### Required action
The records below need to be repeated exactly, with every picture left out.

### Source information
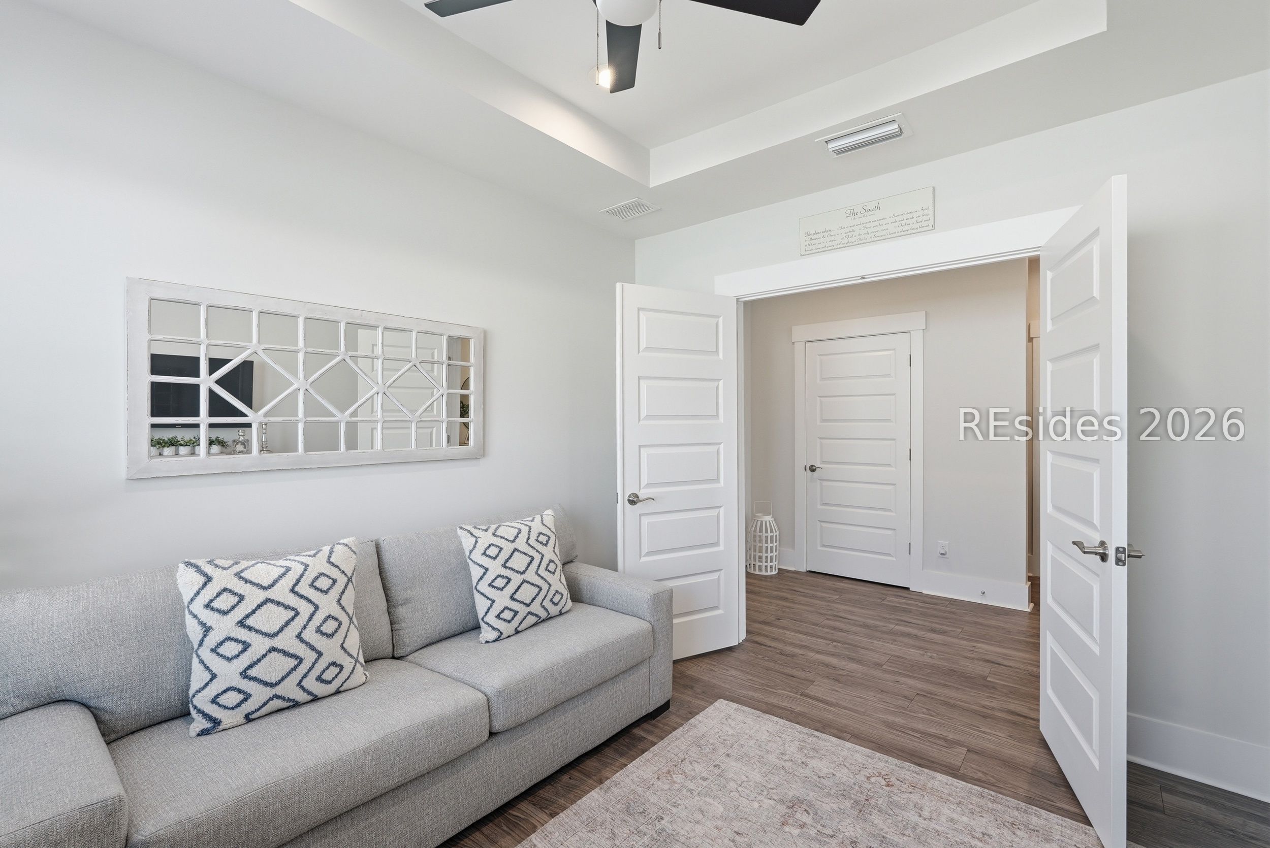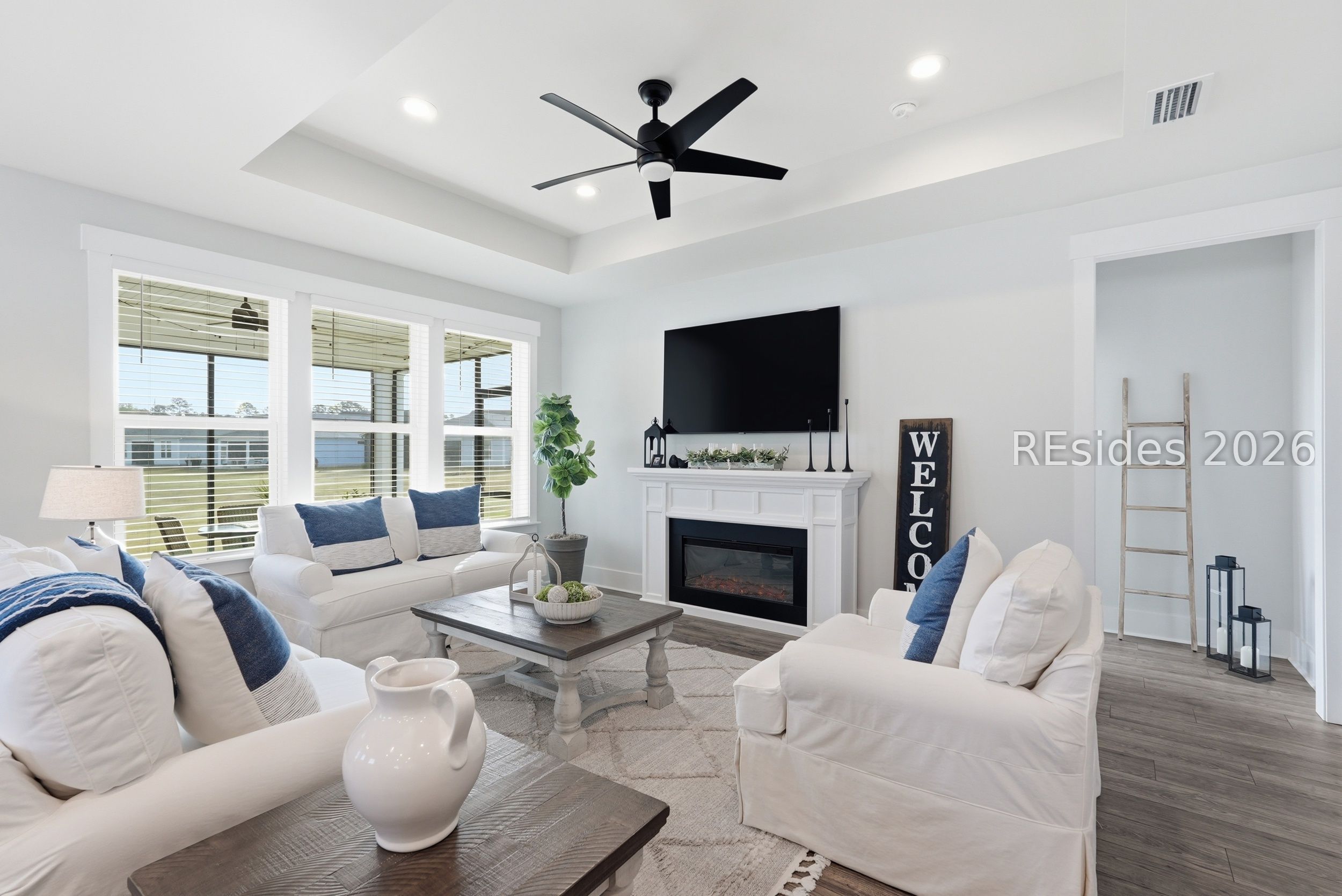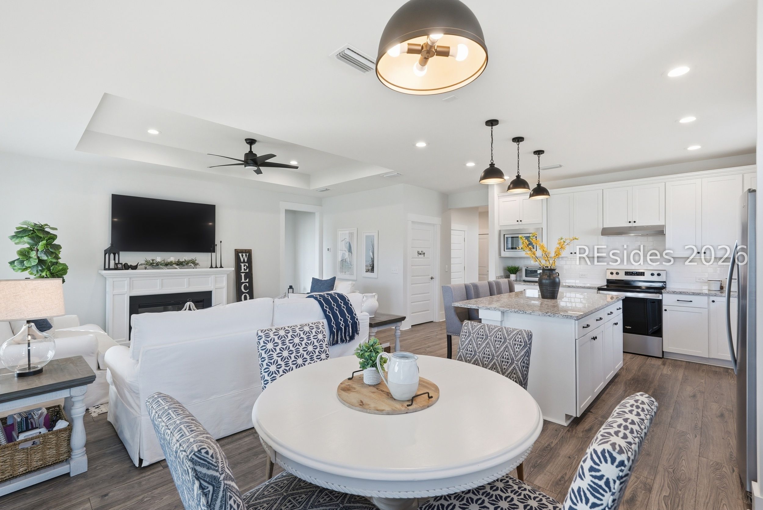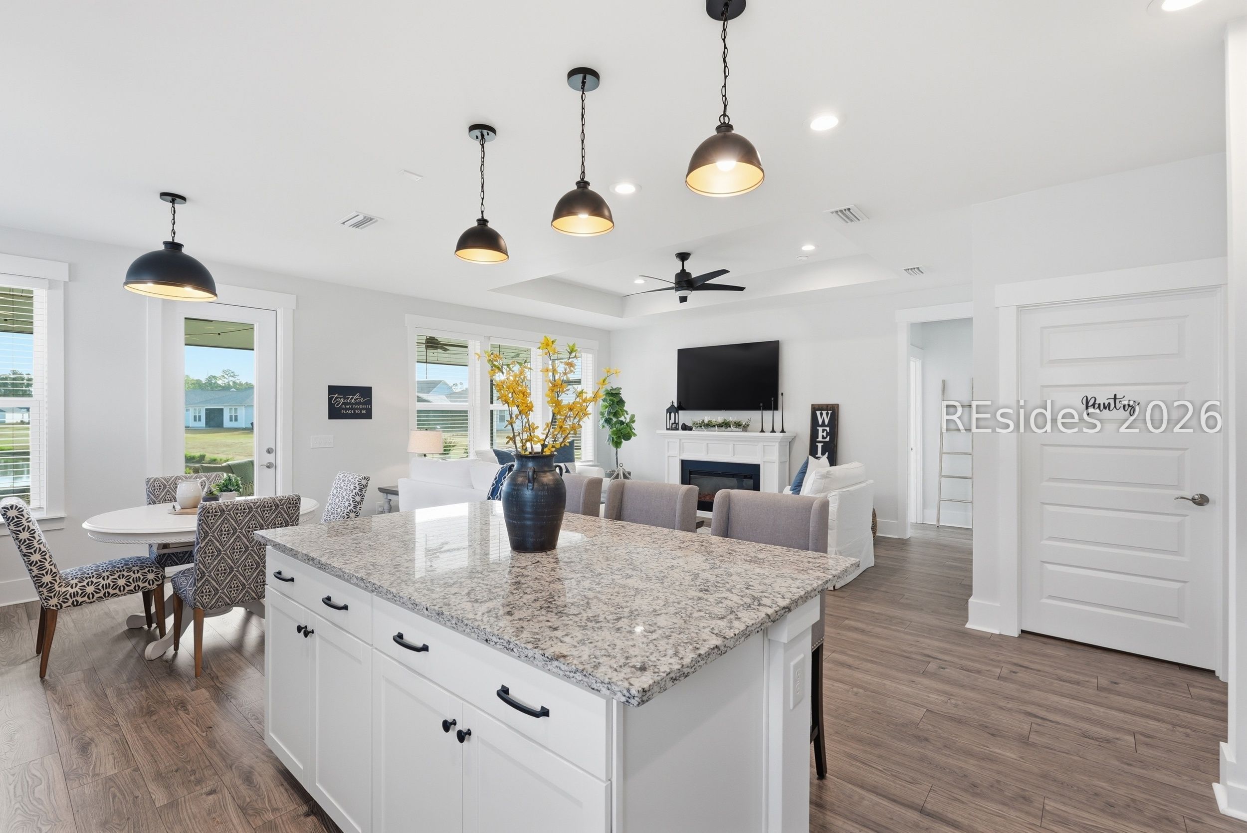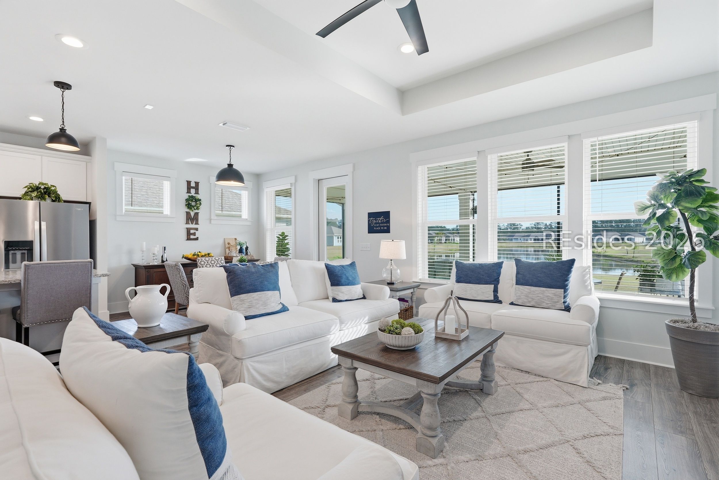 Welcome to this beautifully appointed 2-bedroom, 2-bath plus den Prosperity model, perfectly positioned on a peaceful lagoon in a quiet area of Sun City. Designed with both comfort and style in mind, the home features a gourmet kitchen complete with granite countertops, abundant cabinetry, a spacious center island, stainless steel appliances, a tile backsplash, and a walk-in pantry. The open-concept living area showcases luxury vinyl plank flooring, a tray ceiling in the great room, and a versatile den with French doors-ideal for a home office or additional living space. Notable upgrades include a Carolina room, extra large screened lanai, upgraded cabinetry and glass shower door in the primary bath. Start your mornings in the screened lanai while enjoying serene lagoon views. This home offers an exceptional combination of privacy, thoughtful upgrades, and easy Lowcountry living. Residents of Sun City enjoy a resort-style lifestyle with access to golf courses, indoor and outdoor pools, fitness centers, walking trails, numerous clubs, and an active social calendar. Conveniently located near shopping, dining, medical facilities, and just a short drive to the beaches of Hilton Head Island, this move-in-ready home delivers both comfort and convenience in a highly sought-after community.
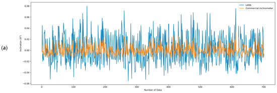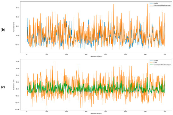 Comparison between: (a) LARA and the commercial inclinometer; (b) I-LARA and the commercial inclinometer; (c) LARA, I-LARA, and the commercial inclinometer.
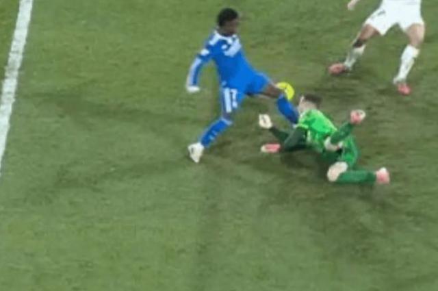 裁判判定此球有效!这个进球引发了巨大争议。慢镜头显示,维尼修斯有冲撞门将的嫌疑,他没碰到球,却把对手鼻子撞出血。
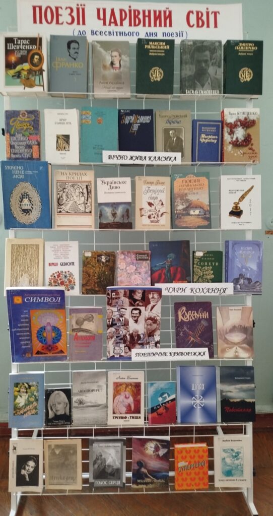 До свята в бібліотеці підготовлено тематичну книжкову виставку «Поезії чарівний світ». В експозиції представлені збірки відомих українських авторів, зокрема й творчі доробки поетів Криворіжжя. Відповідальна Ганна Юсупова.
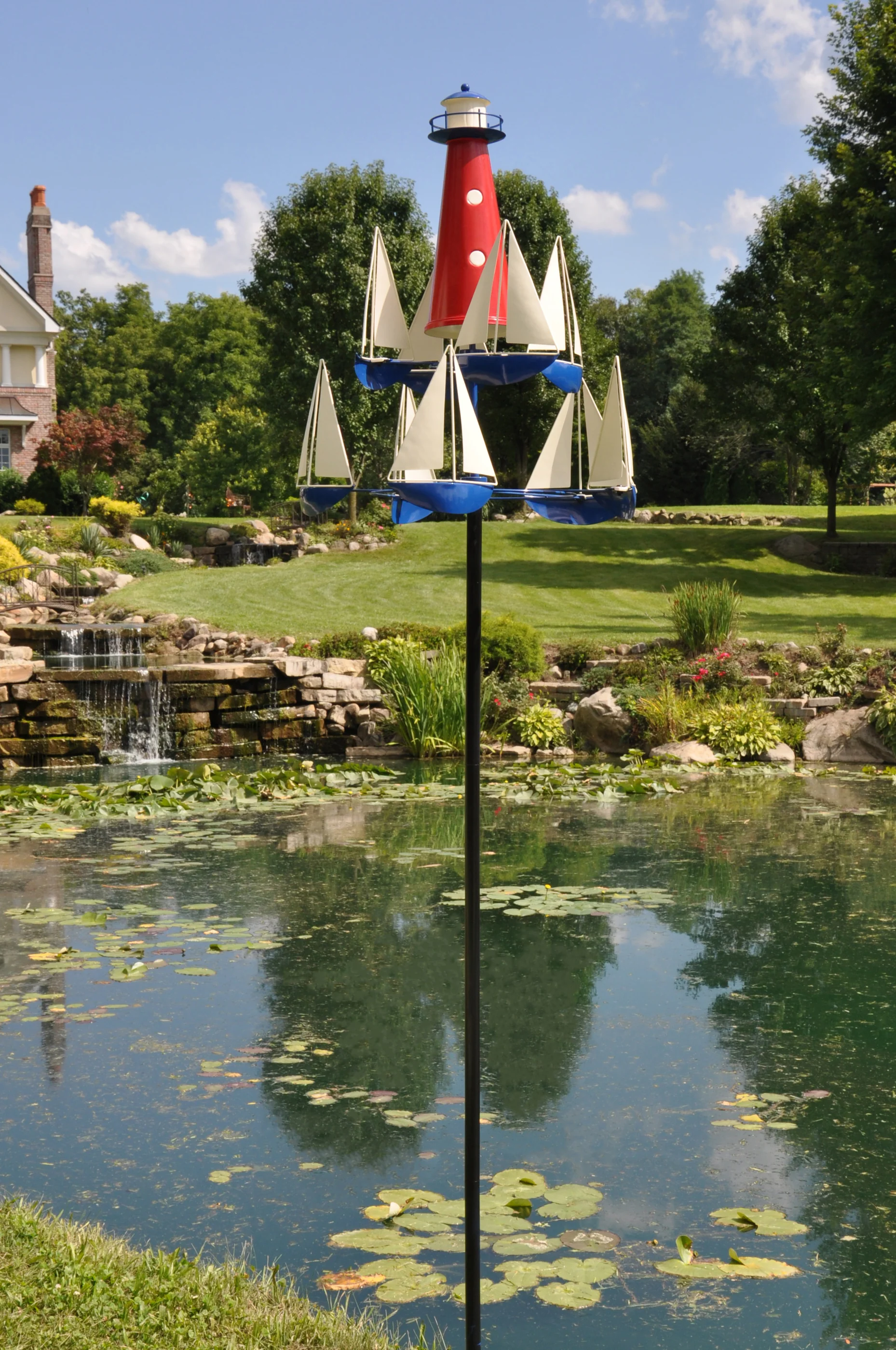 As the wind spins this metal art, you can show off your creativity and create a beautiful display in your yard.
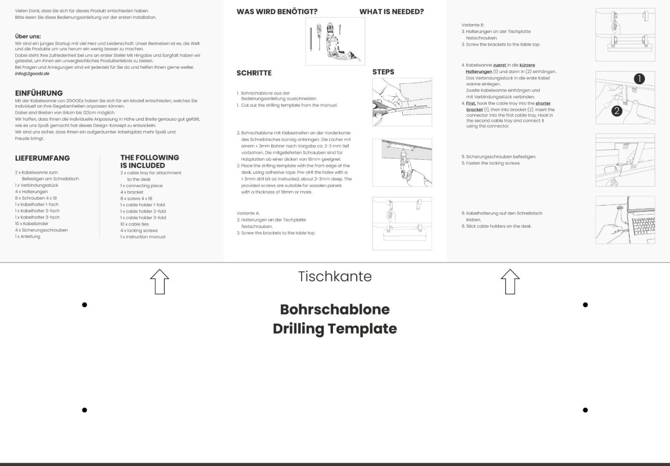Die Montage darf nur an stabilen Tischplatten aus Massivholz oder ausreichend dicken Spanplatten erfolgen. Prüfen Sie vorab, ob Ihre Tischplatte für die Verschraubung geeignet ist.

### Response for this exercise
 Welcome to this beautifully appointed 2-bedroom, 2-bath plus den Prosperity model, perfectly positioned on a peaceful lagoon in a quiet area of Sun City. Designed with both comfort and style in mind, the home features a gourmet kitchen complete with granite countertops, abundant cabinetry, a spacious center island, stainless steel appliances, a tile backsplash, and a walk-in pantry. The open-concept living area showcases luxury vinyl plank flooring, a tray ceiling in the great room, and a versatile den with French doors-ideal for a home office or additional living space. Notable upgrades include a Carolina room, extra large screened lanai, upgraded cabinetry and glass shower door in the primary bath. Start your mornings in the screened lanai while enjoying serene lagoon views. This home offers an exceptional combination of privacy, thoughtful upgrades, and easy Lowcountry living. Residents of Sun City enjoy a resort-style lifestyle with access to golf courses, indoor and outdoor pools, fitness centers, walking trails, numerous clubs, and an active social calendar. Conveniently located near shopping, dining, medical facilities, and just a short drive to the beaches of Hilton Head Island, this move-in-ready home delivers both comfort and convenience in a highly sought-after community.
 Comparison between: (a) LARA and the commercial inclinometer; (b) I-LARA and the commercial inclinometer; (c) LARA, I-LARA, and the commercial inclinometer.
 裁判判定此球有效!这个进球引发了巨大争议。慢镜头显示,维尼修斯有冲撞门将的嫌疑,他没碰到球,却把对手鼻子撞出血。
 До свята в бібліотеці підготовлено тематичну книжкову виставку «Поезії чарівний світ». В експозиції представлені збірки відомих українських авторів, зокрема й творчі доробки поетів Криворіжжя. Відповідальна Ганна Юсупова.
 As the wind spins this metal art, you can show off your creativity and create a beautiful display in your yard.
Die Montage darf nur an stabilen Tischplatten aus Massivholz oder ausreichend dicken Spanplatten erfolgen. Prüfen Sie vorab, ob Ihre Tischplatte für die Verschraubung geeignet ist.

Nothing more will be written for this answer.